My inlaws are looking for an unbiased opinion. They are looking to get a new HVAC system and cannot decide between an American Standard and a Trane. Are there any advantages or disadvantages to either? Which would you choose and why? Is one a better system than the other? I Appreciate all your help!
Bigvree is online now Edit/Delete Message


----------



## HVAC Doc (Apr 1, 2004)

Installation Installation Installation. The brand name is secondary. Doesn't matter what brand it is, if it isn't sized and installed correctly, its junk.


----------



## ContractorSon (Feb 4, 2005)

HVAC Doc said:


> Installation Installation Installation. The brand name is secondary.
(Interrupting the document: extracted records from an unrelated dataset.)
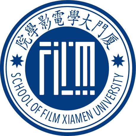 院徽中心图案以“电影”英文FILM一词(亦为胶片的英文)与计算机视觉的像素点相结合,构成传统电影胶片与数字科技视觉融合的形象,体现厦门大学电影学院艺术传统与现代科技兼容并蓄、跨界传承的理念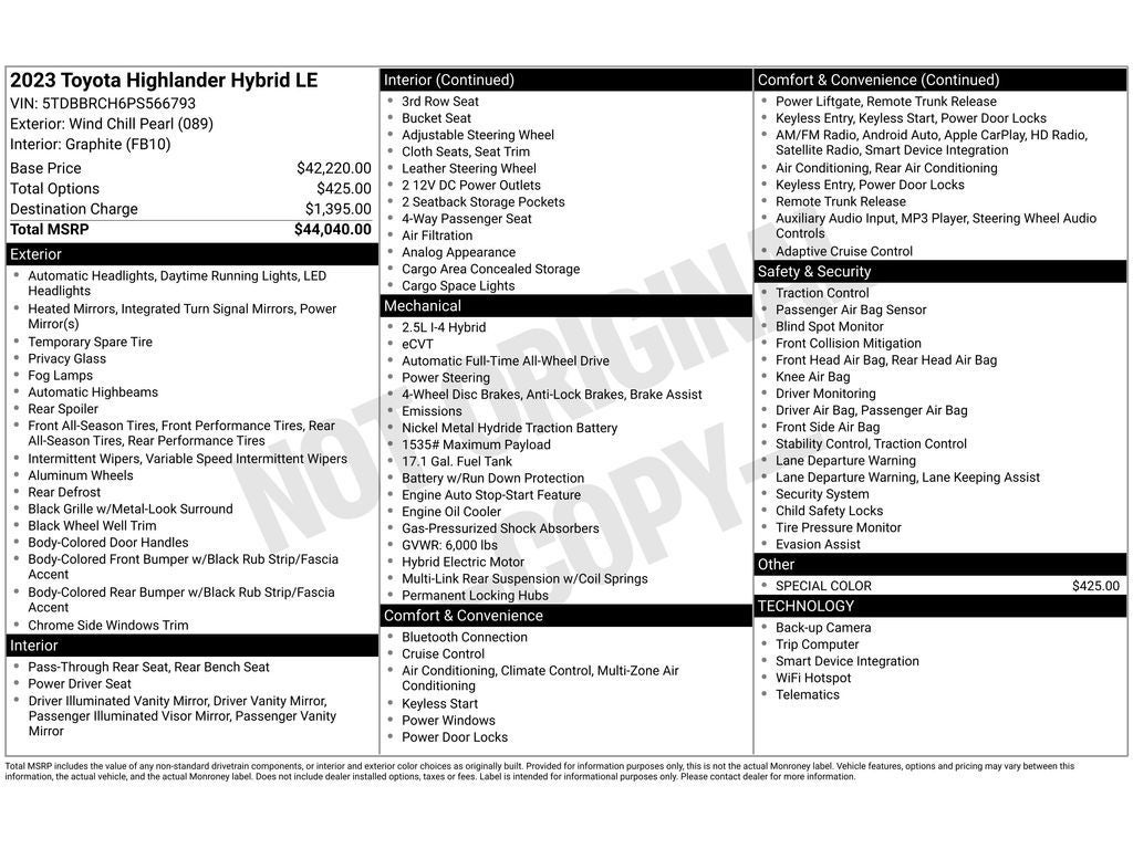 Discover exceptional value with this 2023 Toyota Highlander Hybrid LE AWD, now available in Florence, SC. With just 20,316 miles, this low-mileage Toyota Highlander Hybrid combines efficiency and capability with Toyota's proven 4‑cylinder, 2.5L Full Hybrid Electric (FHEV) powertrain and all‑wheel drive for confident handling in any season. This Highlander delivers outstanding fuel economy without sacrificing space or comfort, making it an ideal choice for families, commuters, and road‑trip enthusiasts. Loaded with modern connectivity and safety features, this Highlander includes Apple CarPlay and Android Auto for seamless smartphone integration, Hands-Free Bluetooth® for easy calls and audio streaming, and Remote Start for quick climate control on chilly or hot mornings. Advanced driver assistance like Cross-Traffic Alert adds an extra layer of confidence when backing out of tight spots. The LE trim balances practical convenience and thoughtful comfort—ample cargo capacity, supportive seating, and intuitive controls make daily driving effortless. Located in Florence, SC, this Toyota Highlander Hybrid is competitively priced and offers the best price for comparable models in the area. Low mileage, hybrid efficiency, AWD capability, and a comprehensive feature set make this vehicle a smart, budget-friendly choice. Don't miss your chance to own a reliable, fuel-efficient 2023 Toyota Highlander Hybrid LE—contact us today to schedule a test drive and experience this exceptional value in person.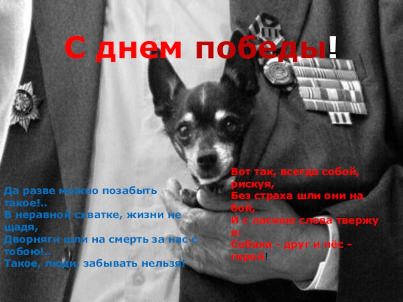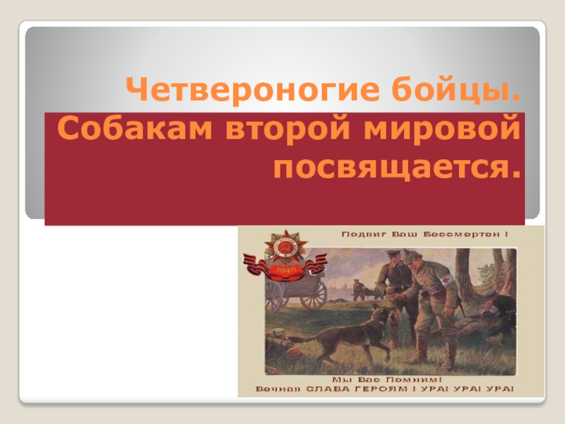 Слайд 1Четвероногие бойцы. Собакам второй мировой посвящается.

Doesn't matter what brand it is, if it isn't sized and installed correctly, its junk.



So basically a Goodman setup will last as long and work as well as a Lennox,Trane,or Rheem?


----------



## mdshunk (Mar 13, 2005)

ContractorSon said:


> So basically a Goodman setup will last as long and work as well as a Lennox,Trane,or Rheem?


Not necessarily. But... a poorly installed Lennox, Trane, or Rheem will make you wish you had a well installed Goodman. 

It's all about duct design, sizing, and workmanship of the install. The name on the unit is inconsequential for the most part. That's the cheap piece of the system.


----------



## Bestheating (Dec 3, 2005)

I tried to track at about 100 service calls to see what I was missing in my inventory. I learned that I needed a lot more assorted Janitrol (Goodman) parts. There were on occasion issues of poor installation, but more often than not, just parts failures, due to in my opinion cheap parts. The quality of Goodman IS improving, but will never be my first choice in equipment.
While I'm on my soap box, just a note about Lennox. I have to admit, they did make some good products. Shame you can't get many parts for them, without buddying up to your local Lennox Dealer. (Read $$$$$$$$$$$$$$$$)
Edited - Sorry I got lost on a crusade. Trane and Carrier are both good equipment. Carrier is in my opinion a little quieter, Trane a heavier cabinet - just my opinion.
Larry


----------